Aw. Thank you for the perspective.

II.

I really struggle with the "rules" when comes to what I can and cannot do as a beautifully budding bumpmobile. I like to think I'm a rebel but, quite frankly, I'm worry-averse and will do nearly anything to avoid having to question my decisions later.

26 Weeks Pregnant in West Palm Beach
No regrets at 26 weeks

It wouldn't be so nerve-wracking if the body of research on gestational ingestion wasn't so nebulous, but conflicting and contrived advice abounds when it comes to what a expectant mom can consume. There are moments of doubt when I just want to call a fetal guru and demand, "JUST TELL ME IF I CAN HAVE A DAMNED TUNA SAMMIE."

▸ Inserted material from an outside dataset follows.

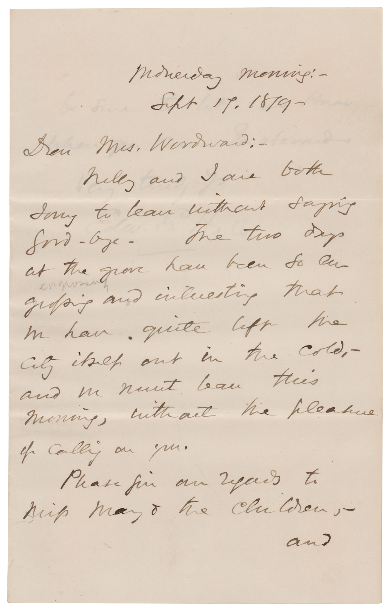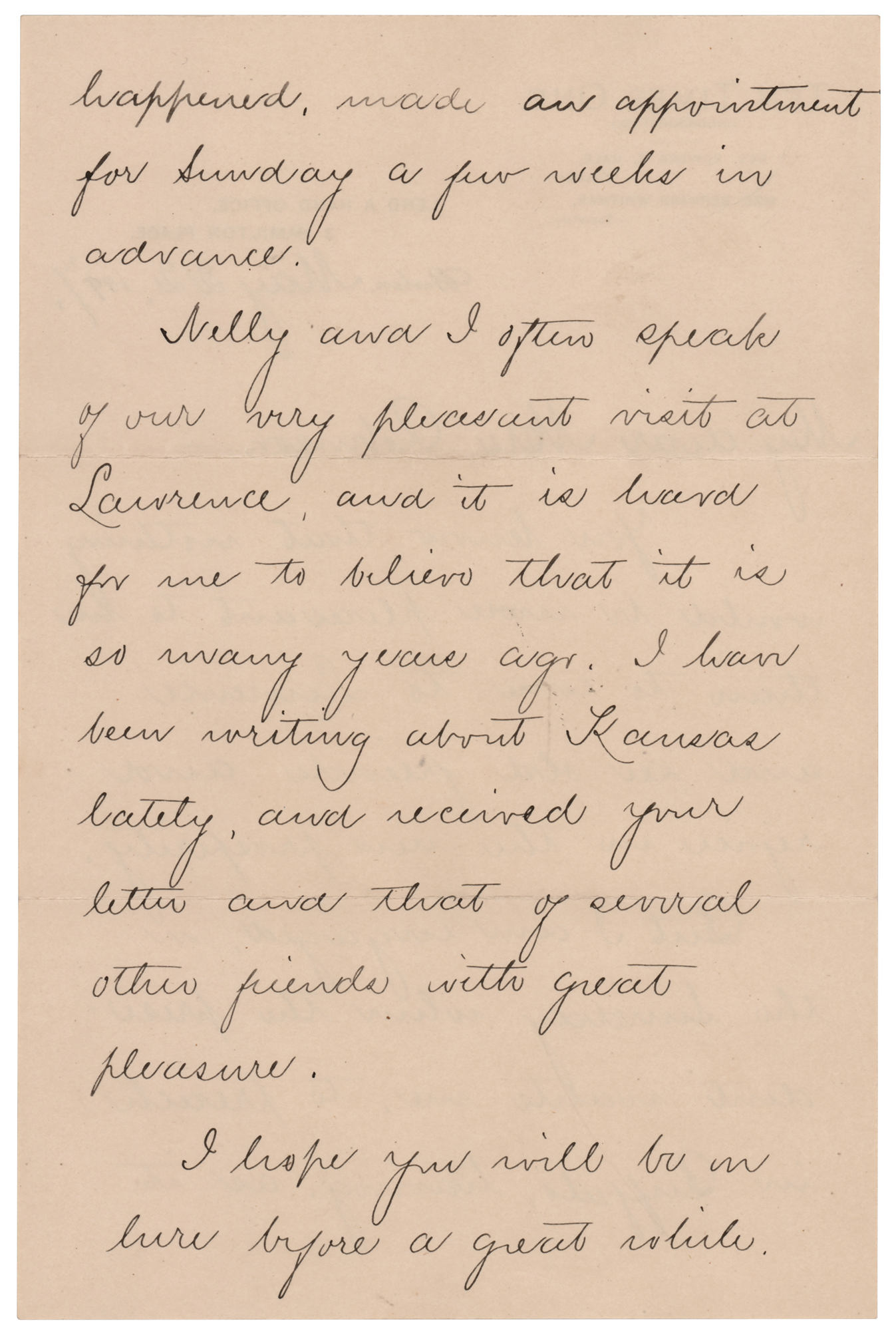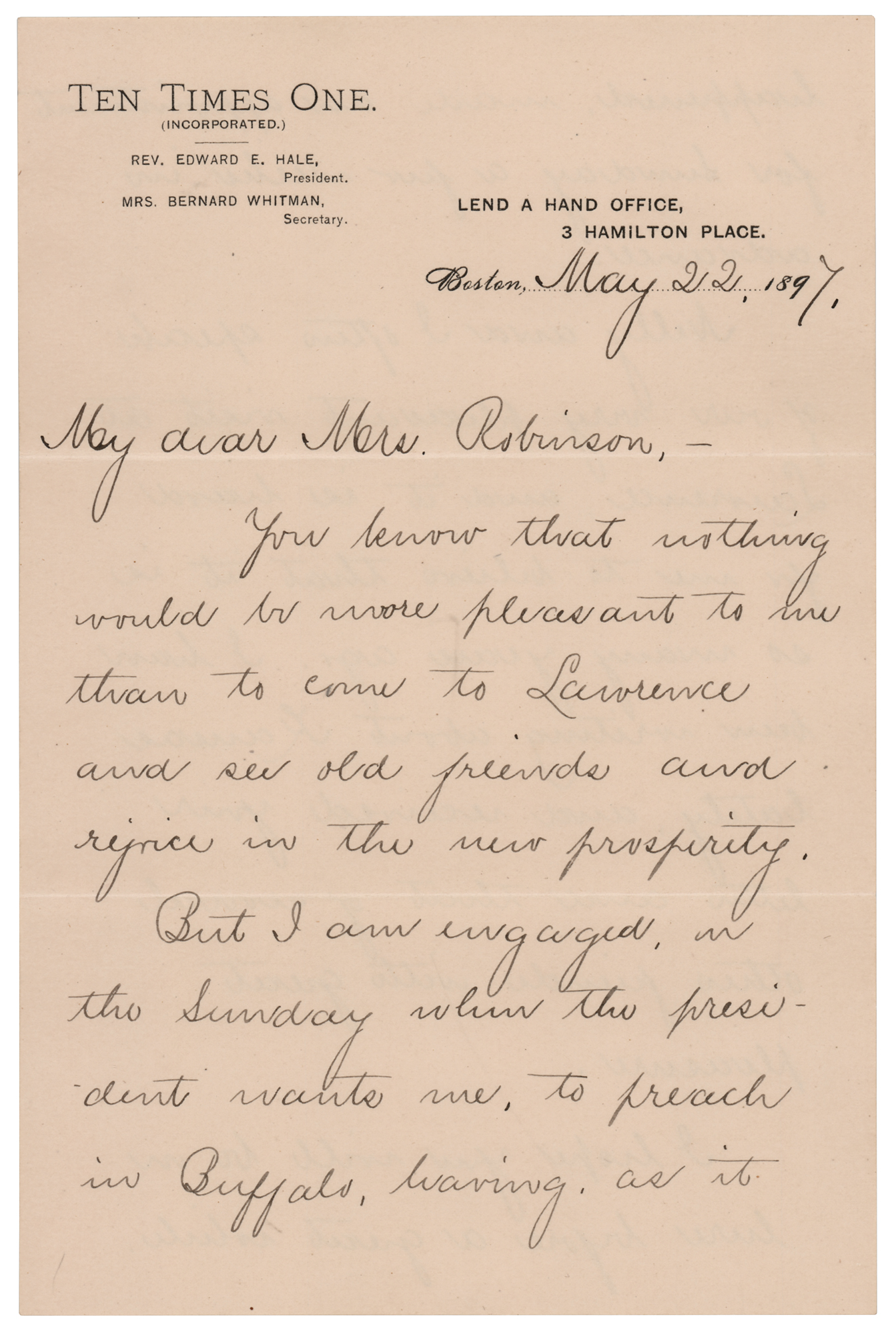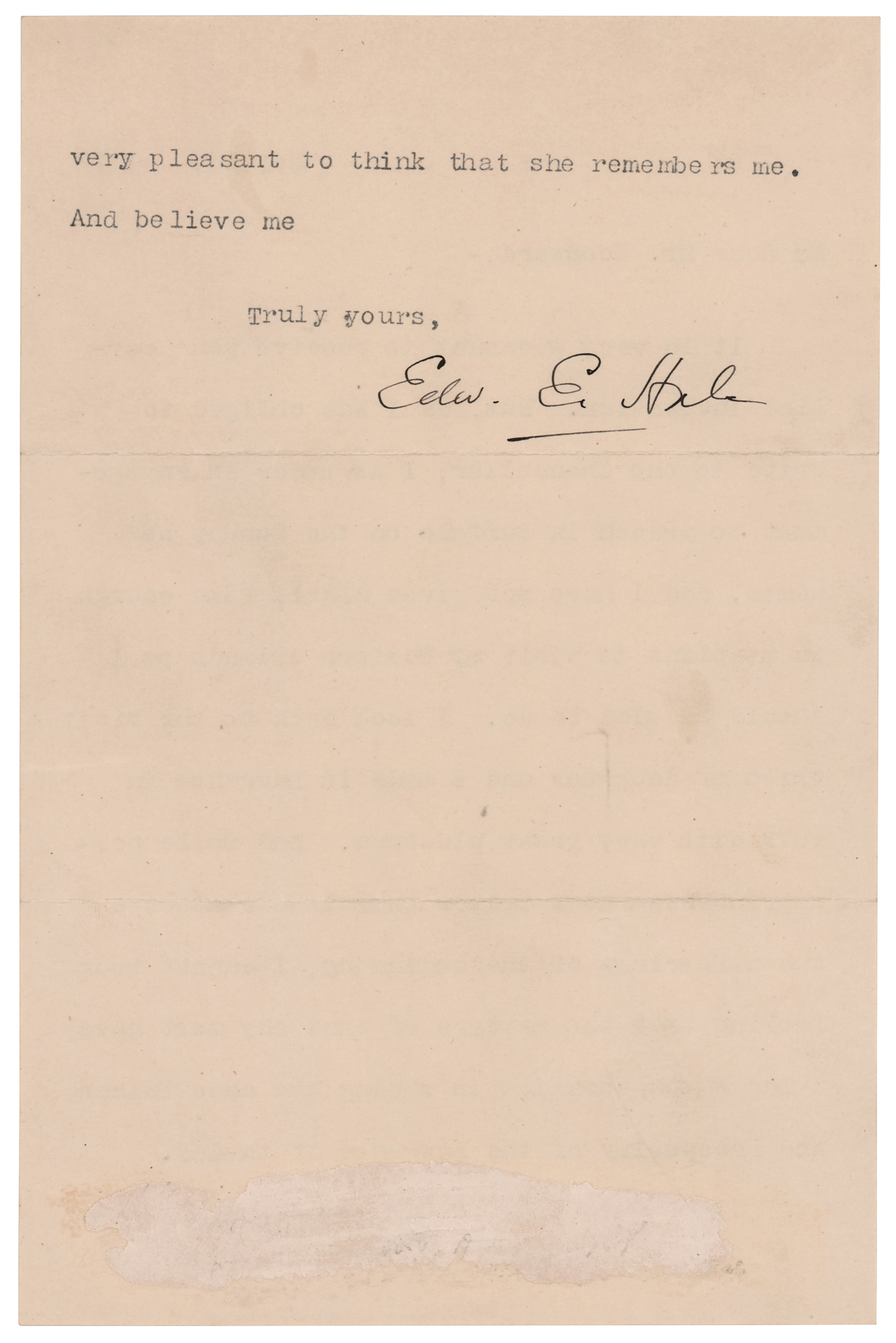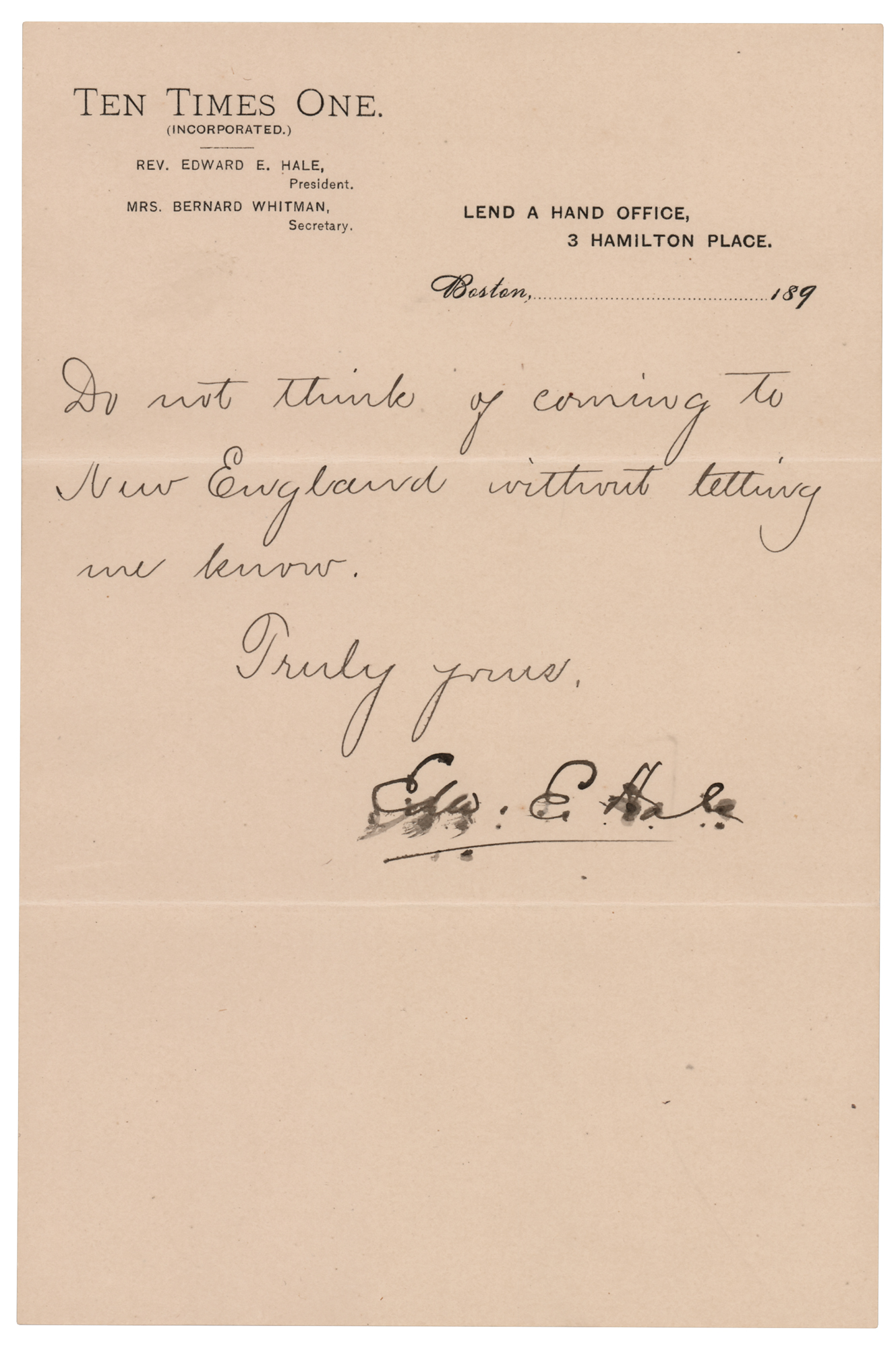 American author and Unitarian clergyman (1822–1909) remembered for his short story 'The Man Without a Country.' Four letters from Edward Everett Hale, each signed “Edw. E. Hale,” consisting of two ALSs, an LS, and a TLS, eight total pages, each approximately 5.25 x 8, dating from 1879 to 1897. Two letters are addressed to Kansas ‘free-state’ militiaman and author Brinton W. Woodward, and two letters are to Woodward’s wife. Highlighted samples include: “Thank you very much for your book…all the more for connecting it with old Kansas days. I was pleased to see that a competent writer the other day spoke of Eli Thayer as the man who abolished American slavery”; and “I look back to the visit which my daughter and I made in Lawrence in 1879 with very great pleasure. And while perhaps nobody knows better than I do what were the sufferings of the beginning, I cannot help feeling that the martyrs of that day must have a large compensation in seeing the cheerfulness and prosperity of the Lawrence of to-day.” In overall fine condition, with some signature blotting to the later letter, and light rippling to the earliest one. Accompanied by two original mailing envelopes, one hand-addressed by Hale, who adds his signature to the lower left, “E. E. Hale.”

I find myself tumbling into a google abyss on the most banal of topics. I'm strangely craving a latte... Is that off-limits? (I went with decaf.) Is nail polish poisoning my progeny? (Maybe? But I've always liked to have a reason to by nail polish, so non-formaldehyde varnish it is.) But seriously, what about the tuna?? (I'm eating it once a week. Damn the man.)

Even with my devoted vigilance to doing the right thing, I still screw up. At the farmers market Sunday, a radiant lady sold me a cup of the most beautiful ruby-colored iced hibiscus tea and only after I had slurped up half the glass did I pause for a googling.

2017-08-31_03-50-15 Hibiscus Tea
LOOK HOW BEAUTIFUL THIS TEA IS.

Turns out, hibiscus tea can cause you to go into labor.

Thankfully, I didn't even get gas from the faux pas, let alone launch myself into preterm terror. It was demoralizing, though, to set down the cup with a sigh. I consoled myself with... You guessed it: a tuna sammich.

III.

Lamaze class is awesome, y'all.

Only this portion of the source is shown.